If name is not configured, the engine-generated name is used by default (e.g., Transform[2]-Sql), in which case async_boundaries also needs to use the corresponding default name.

2.3 async boundary Semantics (Current Implementation)

The current implementation treats Transform name appearing in async_boundaries as:

"New chain starting point": This Transform no longer chains with its upstream (break chain with upstream).
"Queue insertion point": Insert IntermediateQueue (async boundary) between upstream → (async queue) → this Transform's TransformChain.

In other words: async_boundaries = ["t_join"] means "t_join breaks from its upstream, with a bounded queue inserted between".

3. Execution Plan and Chain Breaking Implementation

Overall two steps:

Execution plan generation phase (ExecutionPlan): Determine whether Transform can be chained, and generate TransformChainAction.
Physical execution flow phase (Flow/Task): Insert IntermediateQueue for edges satisfying async boundary, and pass capacity configuration to runtime queue.

3.1 ExecutionPlanGenerator: Control Transform Chaining

Entry class:

seatunnel-engine/seatunnel-engine-server/src/main/java/org/apache/seatunnel/engine/server/dag/execution/ExecutionPlanGenerator.java

Core strategy:

In collectChainedVertices(...), if current TransformAction.name matches async_boundaries and current chain already has upstream elements, stop recursive collection, making this Transform a new chain.

This step ensures that async boundary Transform is not merged into upstream chain, creating a clear boundary for subsequent "queue insertion".

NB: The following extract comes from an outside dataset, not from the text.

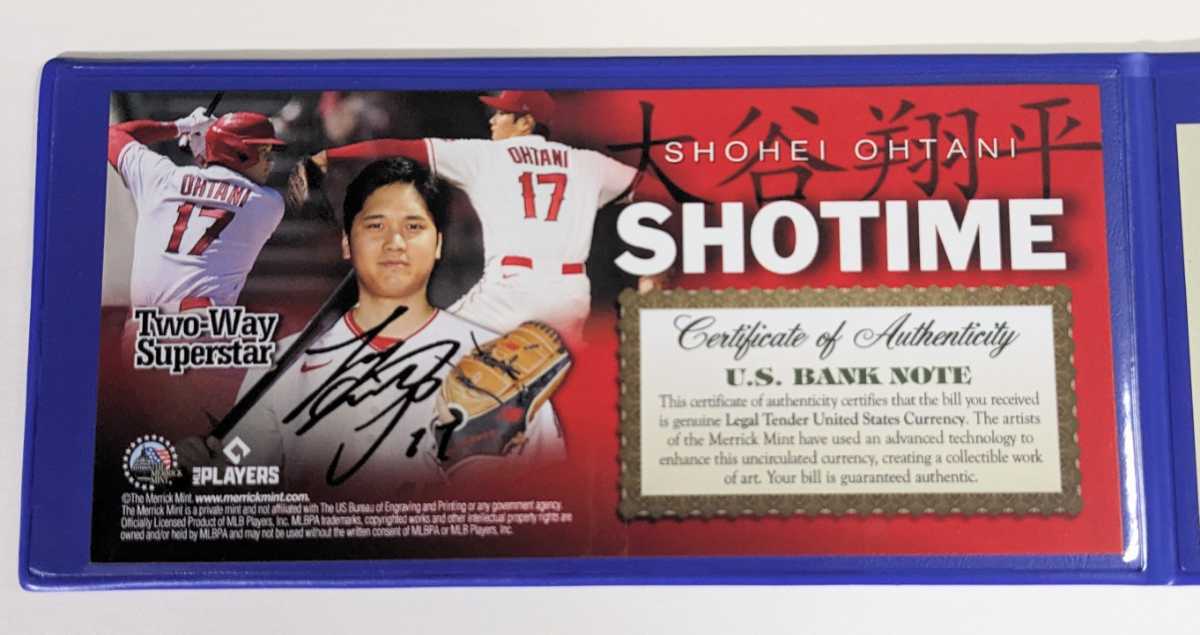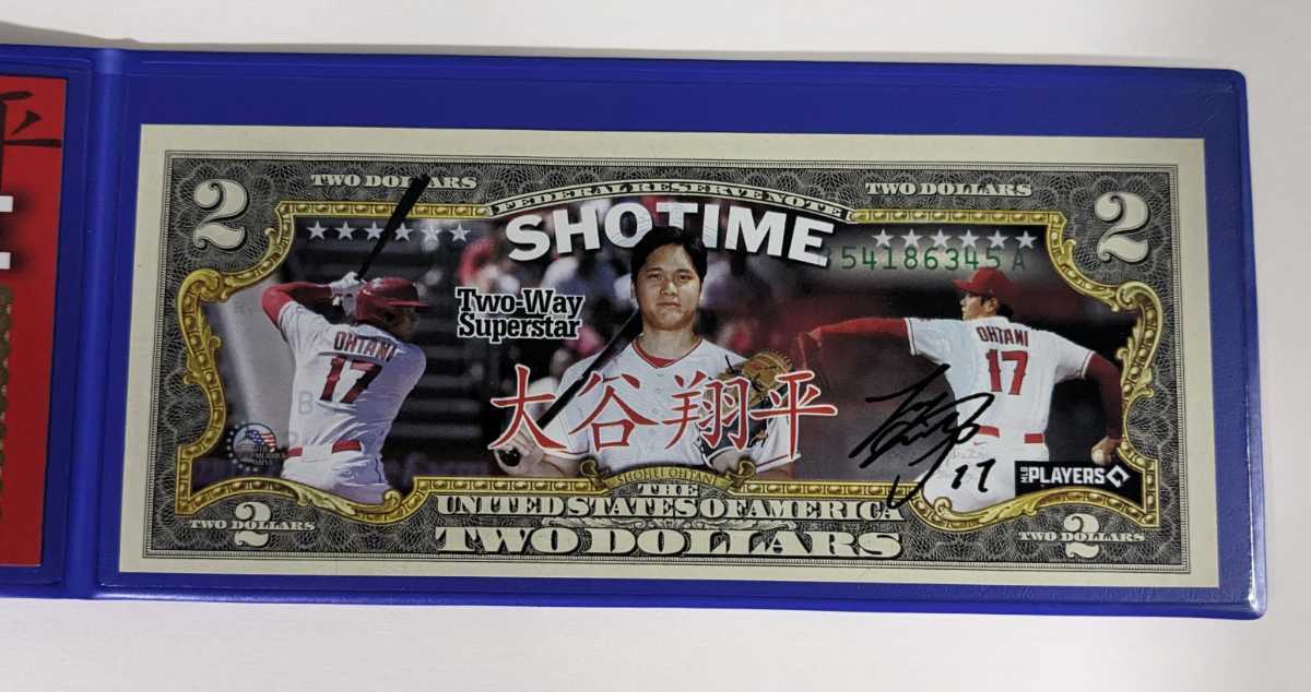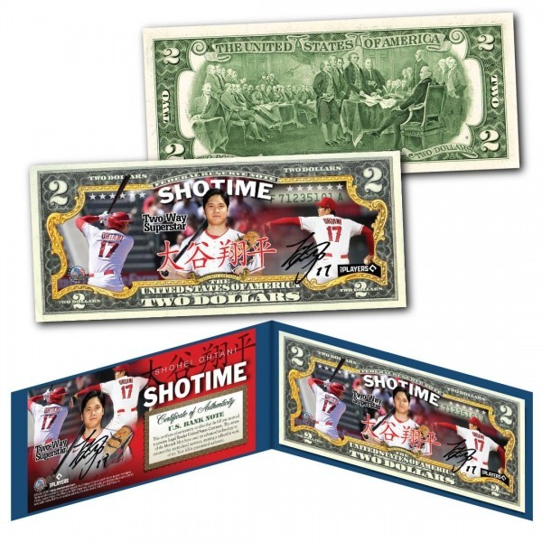 アメリカ 限定2ドル紙幣 大谷翔平 SHOHEI OHTANI Shotime サイン 法定通貨 限定品 USA 証明書&ホルダー付き 新品レア 送料込み 即決

3.2 TransformChainAction Metadata: TransformChainConfig

To identify "whether a TransformChain's starting point is a boundary" in physical execution flow phase, added:

seatunnel-engine/seatunnel-engine-core/src/main/java/org/apache/seatunnel/engine/core/dag/actions/TransformChainConfig.java

And when creating TransformChainAction, write the chain's Transform name list to config:

Chain start: getStartTransformName()
Chain end: getEndTransformName()

This way PhysicalPlanGenerator can determine whether the chain starts with a boundary via TransformChainAction.getConfig().

4. Physical Execution Flow and Async Queue Insertion

Entry class:

seatunnel-engine/seatunnel-engine-server/src/main/java/org/apache/seatunnel/engine/server/dag/physical/PhysicalPlanGenerator.java

4.1 Insertion Point: splitAsyncBoundaryFromFlow

When building Source's flow list, recursively execute for each flow root:

splitAsyncBoundaryFromFlow(root): Insert IntermediateExecutionFlow(IntermediateQueue) for edges satisfying conditions
splitSinkFromFlow(root): When split_sink_io = true, split Sink IO from upstream execution flow (insert queue)

Async boundary identification conditions (current implementation):

flow.getNext() contains PhysicalExecutionFlow
Its action is TransformChainAction
TransformChainAction.config is TransformChainConfig
TransformChainConfig.startTransformName matches async_boundaries

Structure after insertion:

UpstreamFlow
  -> IntermediateExecutionFlow(IntermediateQueue, capacity=...)
      -> TransformChainAction(start = boundaryTransformName)

4.2 Queue Capacity Delivery

To support "default capacity + override", two-layer passthrough:

IntermediateQueue adds field capacity (0 means use default)
- seatunnel-engine/seatunnel-engine-core/.../IntermediateQueue.java
IntermediateQueueConfig adds field capacity, and writes from IntermediateQueue during setFlowConfig
- seatunnel-engine/seatunnel-engine-server/.../IntermediateQueueConfig.java
When SeaTunnelTask creates IntermediateQueueFlowLifeCycle, passes capacity to TaskGroup, ultimately deciding runtime queue capacity
- seatunnel-engine/seatunnel-engine-server/.../SeaTunnelTask.java

Capacity selection rules:

If edge_overrides[boundaryName] exists, use override
Otherwise use edge_buffer_capacity
If final is 0, use engine default capacity (BlockingQueue: 2048; Disruptor: 1024)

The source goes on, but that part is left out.